Wood Elves: need to be substantially recosted and given a new Athel Loren magic lore or allow spellsingers to choose a common lore; lift the BSB restrictions on the use of a shield, longbow or magical weapon and on being a member of a kindred to conform to other army books; reduce cost of standard glade guard and eternal guard, give ASF to these units and similar characters (highborn and nobles), and/or give a 6+ ward save benefit for evasive abilities; give eagles an evasive ward save to shooting attacks and possibly in combat or something else to make them worth their points; consider allowing the forest spirit ward save to apply to certain types of magical attacks. 
Brets: core infantry (men at arms and bowmen) need to be reduced in cost (1 point per model each); slight reduction in points costs for cav as being done with 8th edition OnG book or give lances ASF on the charge
High elves: cav units all need to be reduced in points costs; desperately need access to better rare options; consider reducing points costs of core infantry models (-1 for spearmen, -2 for archers, -1 or 2 for Sea Guard); clarify that RBTs have 3 wounds, not two based on two crew; possibly lower points costs of eagles or 
Vampire Counts: skeletons should have their points costs reduced to be consistent with Tomb Kings; zombie points costs should be reduced given 8th edition magic and rules; black coach needs new rules to fit within winds of magic concept for generating power dice; prohibit duplicates of certain vampiric powers such as master of black arts extra power dice boost; revise rules for necromanser to be more like hero level wizard; consider revising the bound spells rules specific to this army
Lizardmen: I would restrict the number of dice generated by focused rumination to fit within the wind of magic system; reduce cost of cold one cav per 8th edition
Dark Elves: modify the khanite rules regarding non-khanite characters joining khanite units; clarify that RBTs have 3 wounds even though they have 2 crew; lift limit on size of black guard; limit number of times per turn the sac dagger can be used given winds of magic; consider reducing slightly costs of dark riders and cold one knights per 8th edition rules and trends
Warriors of chaos: reduce points costs of marauder horsemen and chaos knights to account for 8th edition magic and cav rules
Empire: core unit point costs need to be slightly reduced; great swords point costs reduced; cav units point costs reduced or rules changed per above; limit number of extra dispel dice generated by warrior priests and arch lectors but allow them to have +1 and +2 to dispel, respectively; consider revising the bound spell rules for prayers of sigmar and casting costs (such as considering the casting value as 2+ power dice roll for arch lector and 1+ power dice roll for warrior priests)
Daemons: limit daemonic items to a max of two of each item per army; lower points costs of seekers and possibly bloodcrushers (compare with mournfang cav in new OK book)
Just some ideas and thoughts to throw out.


----------



## Azezel (May 23, 2010)

olderplayer said:


> High elves: cav units all need to be reduced in points costs; desperately need access to better rare options; consider reducing points costs of core infantry models (-1 for spearmen, -2 for archers, -1 or 2 for Sea Guard); clarify that RBTs have 3 wounds, not two based on two crew; possibly lower points costs of eagles or


I'd have to disagree with a couple of those points.
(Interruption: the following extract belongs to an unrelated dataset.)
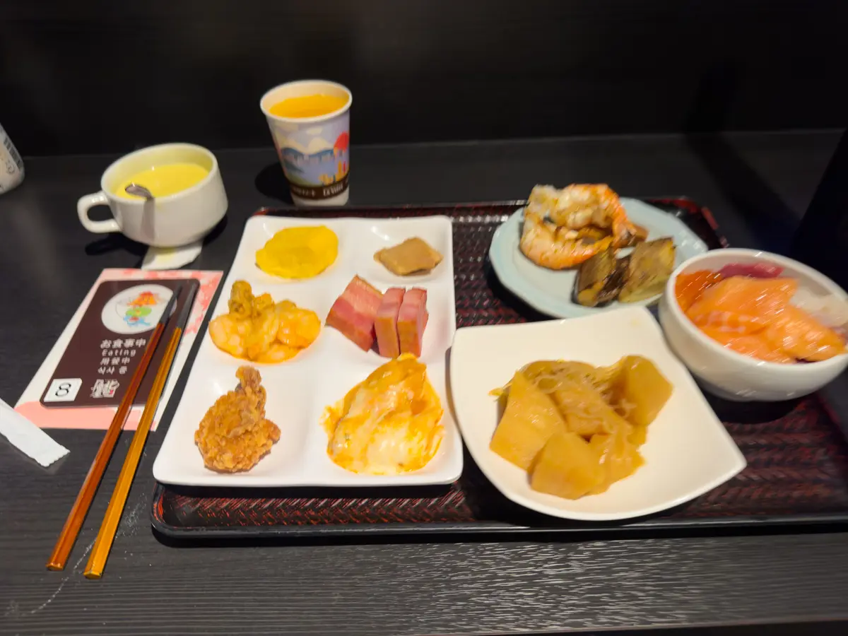 サーモン、いくら、マグロ、イカ・・・これら全部盛り放題である。自分は朝から大量に食べるとその分お腹も大変調子良くなってしまう人間なので、控えながら食すことが多いのだけども、調子に乗って綺麗に盛り付けた。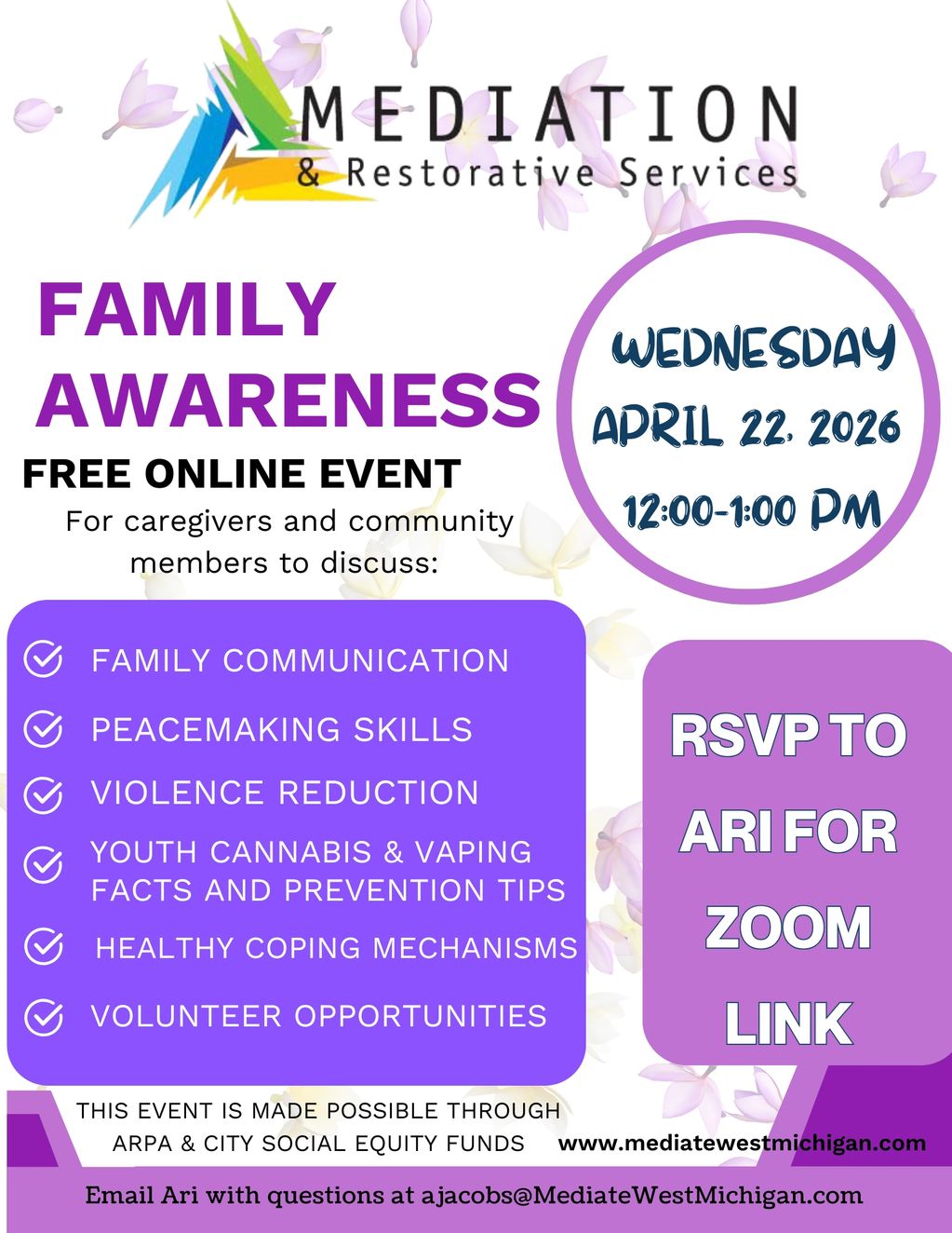 Join us for a virtual Family Awareness Event on Wednesday, April 22, 2026, from 12:00-1:00

I suspect most armies would kill to have WS5 I6 A2 ASF cav with a 2+/2++ against flaming attacks Dragon Princes for 30 points a pop.

The only reason High elves don't use them all the time is because our other specials are so awesome.

Not that Asur cavalry doesn't need tinkering with, but just slashing points for all isn't the best answer.

I'd make both Silver Helms and Reavers 15 points and move Silver Helms to core. Keep Dragon Princes at 30 and move them to Rare. That gives us a cav option in each slot, makes all three attractive and makes the Rare slot more than just Eagles.

Silver Helms should really have the option of a magic banner, too.

Certainly, Eagles don't need a point cut. They're already one of the best units in the book, and with our ability to take more the two of the same unit cutting the cost of Eagles would be madness.


----------



## Samules (Oct 13, 2010)

Limits on dispel dice for dwarves? Sure if you limit the number of wizards you have. Everyone else has an advantage that we must spend just as many points as they do to get it to negate it and too often that does not even work. It's not like our runesmiths can do much more than wizards who get dispelled every turn and most wizards are cheaper.


----------



## Tim/Steve (Jan 25, 2009)

Its not 7th ed anymore... having loads of wizards isn't of much benefit: 1 Lv4 wizard is better then 4 Lv2s. Of course there are exceptions, such as vampires with black arts and DE in general, but not everyone can do that.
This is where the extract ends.